Christopher Sweeney: I don't think biologically when you get to the nucleus as to whether the androgen is getting to and stimulating the androgen-driven cancer processes, whether you take away the ligand, whether you take away or block the androgen receptor directly with the amides. There is the very fact that amides work after abiraterone and abiraterone doesn't work after an amide, I suspect maybe there's a bit of more potency with the amide than the abiraterone.
Having said that, with the STOPCAP data showing that men over the age of 75 don't have a survival benefit, overall survival, they have a prostate cancer-specific survival, but not an overall survival because blocking the adrenal glands and the prednisone seems to be causing an increase in non-prostate cancer deaths such that overall survival is not seen in metastatic hormone-sensitive prostate cancer.
And we don't see that with the amide so my preference would be to avoid abiraterone and prednisone. Two years of prednisone is a problem, poor cardiovascular and bone health, the older people need their adrenal. So I think when we've got a non-adrenal hitting way of blocking the AR more intensely, I tend to steer away from abiraterone for that reason and then choose the AR inhibition of choice between the other amides based on the patient profile.
Leslie Ballas: Thank you.
Jeff Michalski: One point I was going to make, and it gets to what Dr. Ballas raised about the use of radiopharmaceuticals or radioligand therapy in these patients, as well as the statement that you made earlier, Chris, that the overall survival and prostate cancer specific survival is actually very good. What that tells me is that high-risk prostate cancer has become a chronic disease of sorts, and if a patient develops a biochemical recurrence or even a metastasis, it isn't the death of them today. There is much that we can do and we need to consider that as we intensify some of the earlier therapies.
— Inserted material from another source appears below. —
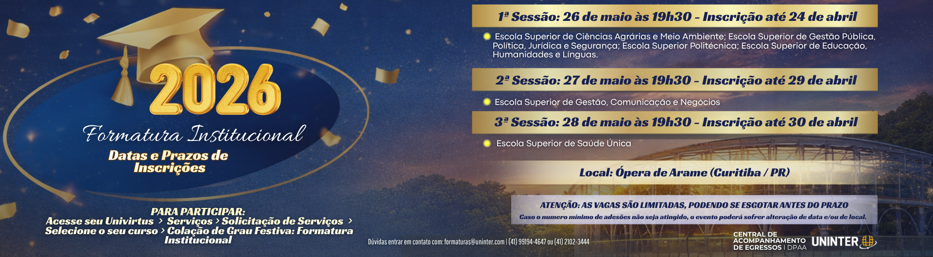 Consideram-se alunos UNINTER todos os estudantes devidamente matriculados, abrangendo os cursos da EJA (Educação de Jovens e Adultos), Técnico, Graduação, Pós-Graduação lato sensu (especialização) e stricto sensu (mestrado e doutorado), em todas as modalidades de ensino.

We want to make sure we don't hurt the patient's kidneys or bone marrow to the point that we can't add additional therapies later. Of course, it's a balance between risk of progression and the emotional psychological burden that that carries with it, but when you see prostate cancer specific survivals of 97%, that's pretty remarkable in this day and age for patients who before, when given a diagnosis of high risk prostate cancer, couldn't expect to live five years without a recurrence.
Leslie Ballas: I think that's a really important point. Thank you, Dr. Michalski. I just want to say thank you to both of you for sharing your expertise and going over your discussion from APCCC. We are truly honored to have you both join us today.
Jeff Michalski: Thank you for the invitation. It was lovely to see you both.
Christopher Sweeney: Exactly. Thank you.